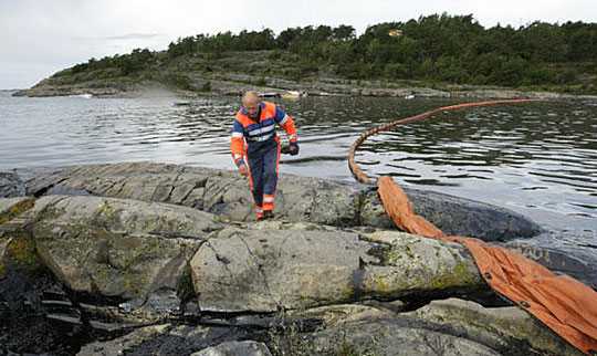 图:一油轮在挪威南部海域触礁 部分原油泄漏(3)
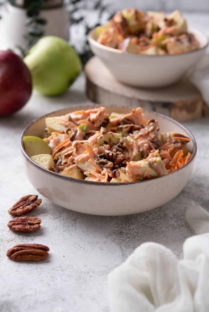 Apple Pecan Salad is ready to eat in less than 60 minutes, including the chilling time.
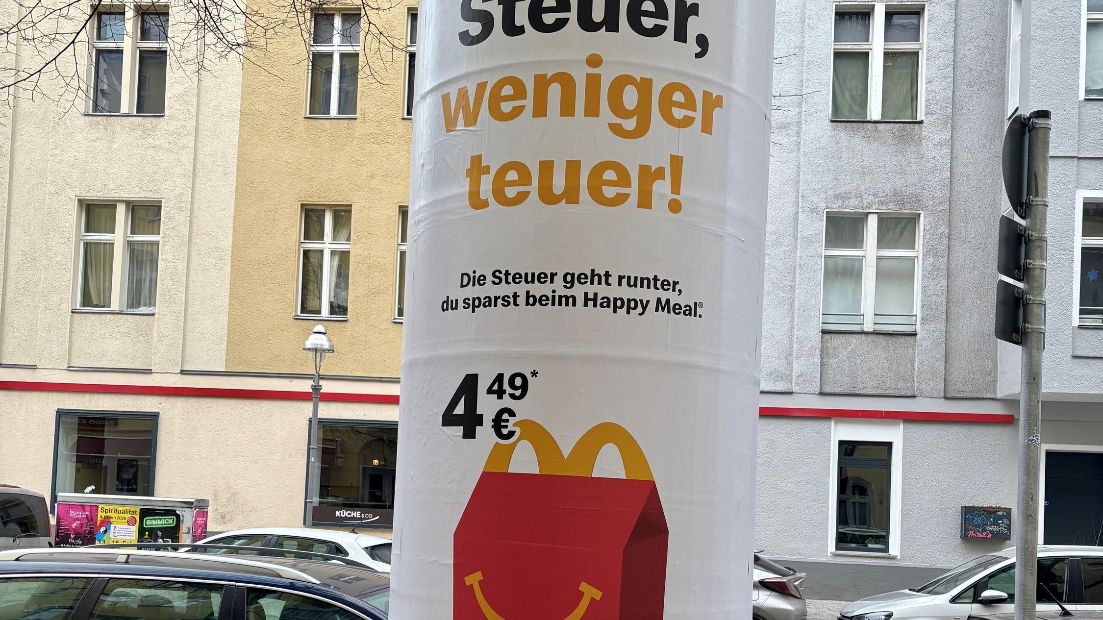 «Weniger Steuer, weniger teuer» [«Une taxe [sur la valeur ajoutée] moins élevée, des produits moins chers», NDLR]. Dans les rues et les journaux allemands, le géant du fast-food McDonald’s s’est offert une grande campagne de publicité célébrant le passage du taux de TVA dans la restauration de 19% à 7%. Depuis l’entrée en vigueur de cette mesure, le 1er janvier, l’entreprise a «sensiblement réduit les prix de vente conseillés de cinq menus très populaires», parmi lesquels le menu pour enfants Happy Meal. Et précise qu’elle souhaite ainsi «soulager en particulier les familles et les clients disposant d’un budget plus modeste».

---

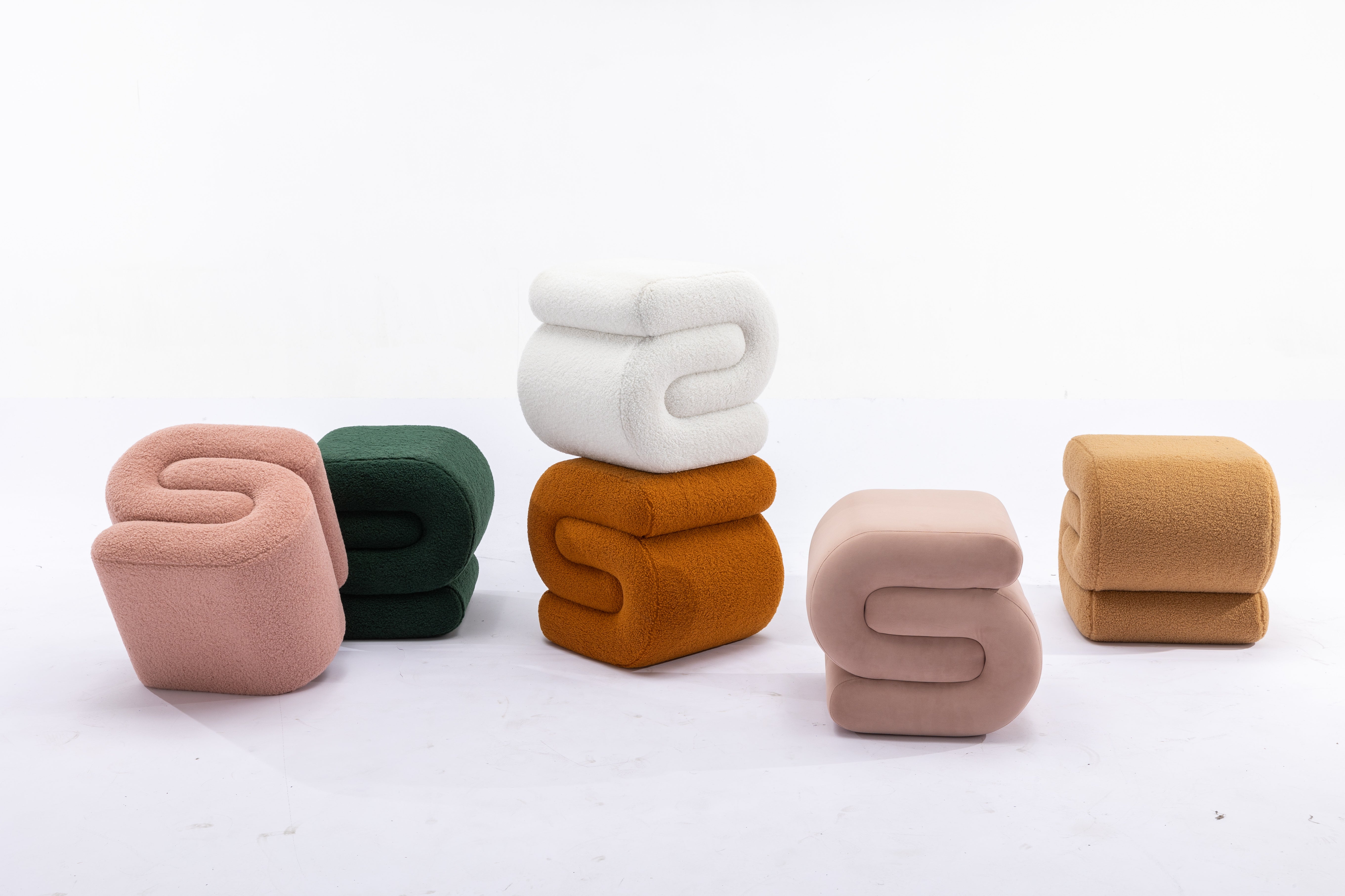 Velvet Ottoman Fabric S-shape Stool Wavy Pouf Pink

==

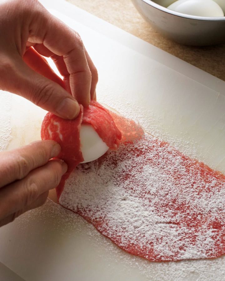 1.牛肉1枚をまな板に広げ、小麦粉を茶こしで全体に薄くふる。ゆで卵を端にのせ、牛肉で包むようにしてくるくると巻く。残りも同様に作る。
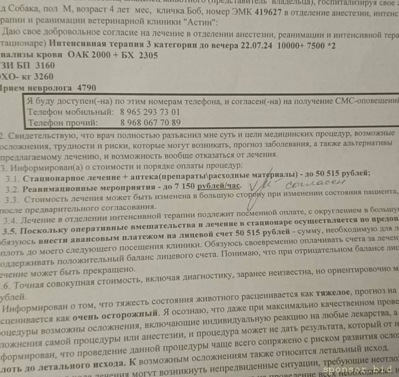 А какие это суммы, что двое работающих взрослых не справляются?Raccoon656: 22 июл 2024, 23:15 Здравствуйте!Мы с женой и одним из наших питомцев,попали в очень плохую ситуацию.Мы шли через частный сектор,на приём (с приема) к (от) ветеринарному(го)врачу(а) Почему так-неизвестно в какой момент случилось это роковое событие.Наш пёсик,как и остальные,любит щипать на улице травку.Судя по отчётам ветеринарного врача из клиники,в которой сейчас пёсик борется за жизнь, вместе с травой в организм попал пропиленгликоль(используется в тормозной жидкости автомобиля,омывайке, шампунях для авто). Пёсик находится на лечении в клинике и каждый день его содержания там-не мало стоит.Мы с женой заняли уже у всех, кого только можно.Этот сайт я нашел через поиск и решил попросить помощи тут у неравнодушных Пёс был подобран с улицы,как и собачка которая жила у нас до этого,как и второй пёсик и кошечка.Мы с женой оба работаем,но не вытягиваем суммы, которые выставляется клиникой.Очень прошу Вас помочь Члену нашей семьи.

- **EXERCISE DIRECTIONS**: Among the entries above, copy exactly the stretch from the line holding "图:一油轮在挪威南部海域触礁 部分原油泄漏(3)" through the line holding "taxe [sur la", leaving out any pictures.

- **EXPECTED OUTPUT**:
 图:一油轮在挪威南部海域触礁 部分原油泄漏(3)
 Apple Pecan Salad is ready to eat in less than 60 minutes, including the chilling time.
 «Weniger Steuer, weniger teuer» [«Une taxe [sur la valeur ajoutée] moins élevée, des produits moins chers», NDLR]. Dans les rues et les journaux allemands, le géant du fast-food McDonald’s s’est offert une grande campagne de publicité célébrant le passage du taux de TVA dans la restauration de 19% à 7%. Depuis l’entrée en vigueur de cette mesure, le 1er janvier, l’entreprise a «sensiblement réduit les prix de vente conseillés de cinq menus très populaires», parmi lesquels le menu pour enfants Happy Meal. Et précise qu’elle souhaite ainsi «soulager en particulier les familles et les clients disposant d’un budget plus modeste».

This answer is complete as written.